Comment empêcher l’État de grossir : rétablir le consentement à l’impôt

Un État peut grossir indéfiniment parce qu’il en a les moyens, ou plutôt parce qu’il les prend. Pour qu’un État démocratique cesse de grossir indéfiniment, il faut que l’impôt ne soit décidé par aucun organe de gouvernement : ni législatif, ni exécutif.
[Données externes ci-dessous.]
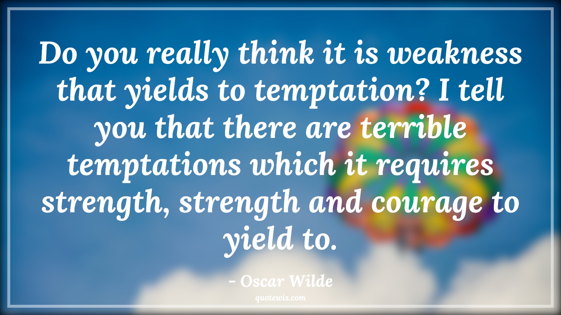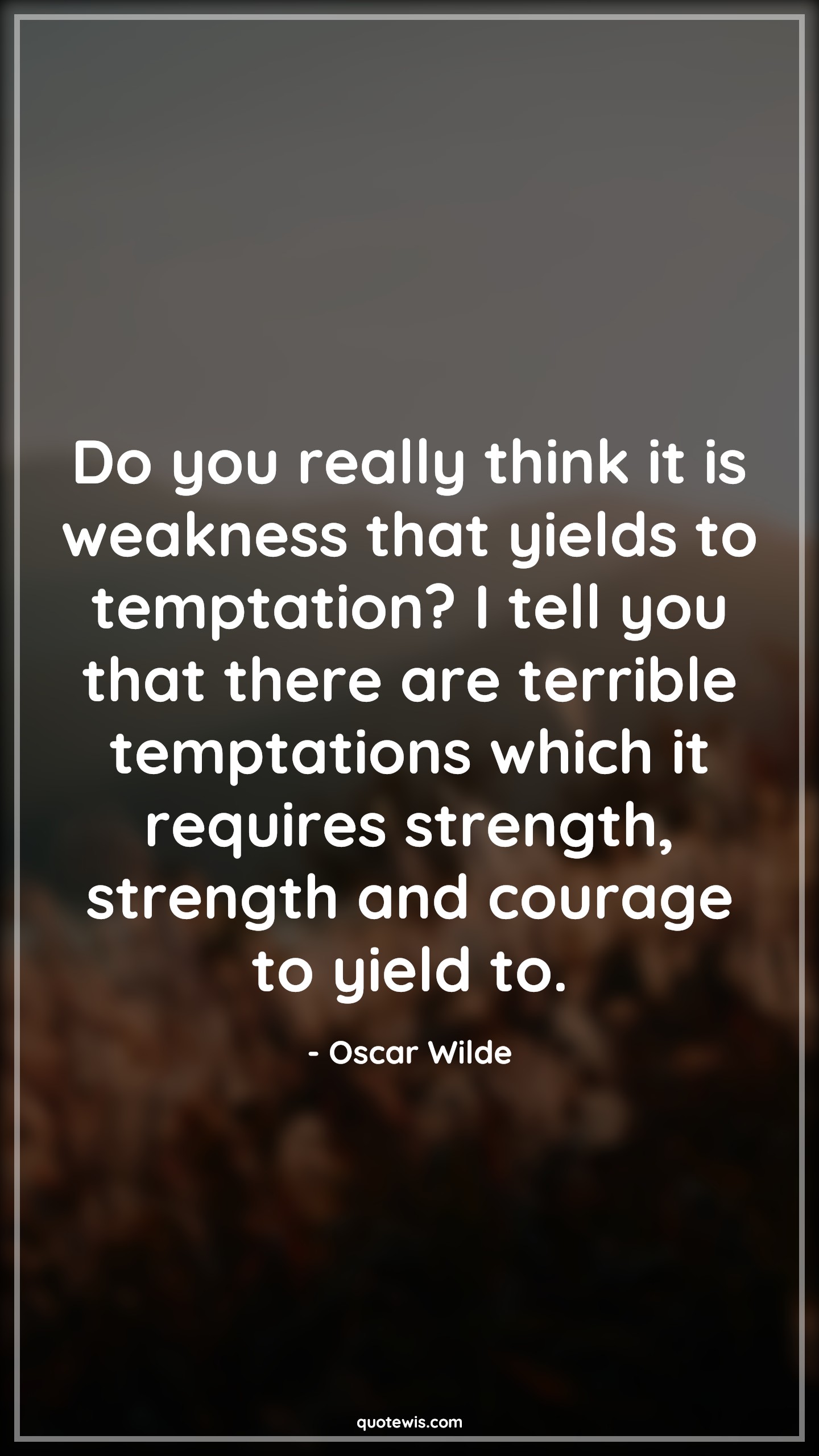 Do you really think it is weakness that yields to temptation? I tell you that there are terrible temptations which it requires strength, strength and courage to yield to.

Un État peut grossir indéfiniment parce qu’il en a les moyens, ou plutôt parce qu’il les prend. Pour qu’un État démocratique cesse de grossir indéfiniment, il faut que l’impôt ne soit décidé par aucun organe de gouvernement : ni législatif, ni exécutif.

Par Philippe Fabry

Tous les libéraux souhaitent une restriction du rôle de l’État. À l’exception des anarcho-capitalistes, ils ne veulent pas la disparition de l’État mais la limitation de son activité au strict nécessaire. Partant, la grande question qui angoisse le libéral c’est la tendance au grossissement de l’État : un État limité à ses fonctions régaliennes, ou à celles-ci et quelques autres, suivant les courants, finit toujours par les déborder ; il n’y aurait donc pas d’État limité de façon pérenne.

Les libéraux ont jadis pensé que ce serait le cas avec la démocratie, qui implique un consentement à l’impôt puisque ce sont les représentants du peuple qui le votent. Or leurs attentes ont été déçues par l’apparition du clientélisme démocratique, qui conduit les représentants du peuple à jouer les uns contre les autres, à utiliser la puissance de l’État pour pratiquer la spoliation des riches (entrepreneurs) au profit des pauvres (assistés), ou des pauvres (classe moyenne et ouvrière) au profit des riches (syndicats, fonctionnaires, grands patrons et grandes entreprises dans un système de capitalisme de connivence), et en définitive prétendre régenter tous les comportements, organiser l’économie et la vie en société, soit détruire la liberté.

Tout régime libéral est-il donc condamné à être éphémère, le despotisme spoliateur devant toujours finir par se développer, même en démocratie, et dans une démocratie constitutionnelle ? Car c’est bien le problème : même une démocratie constitutionnelle, dans laquelle des droits sont censés être respectés systématiquement par le pouvoir, finit par se vicier : l’opinion publique, bien travaillée par l’État et sa propagande, finit par trouver justifiées ces violations des droits pourtant proclamés haut et fort par les textes juridiques se trouvant au sommet de la pyramide des normes.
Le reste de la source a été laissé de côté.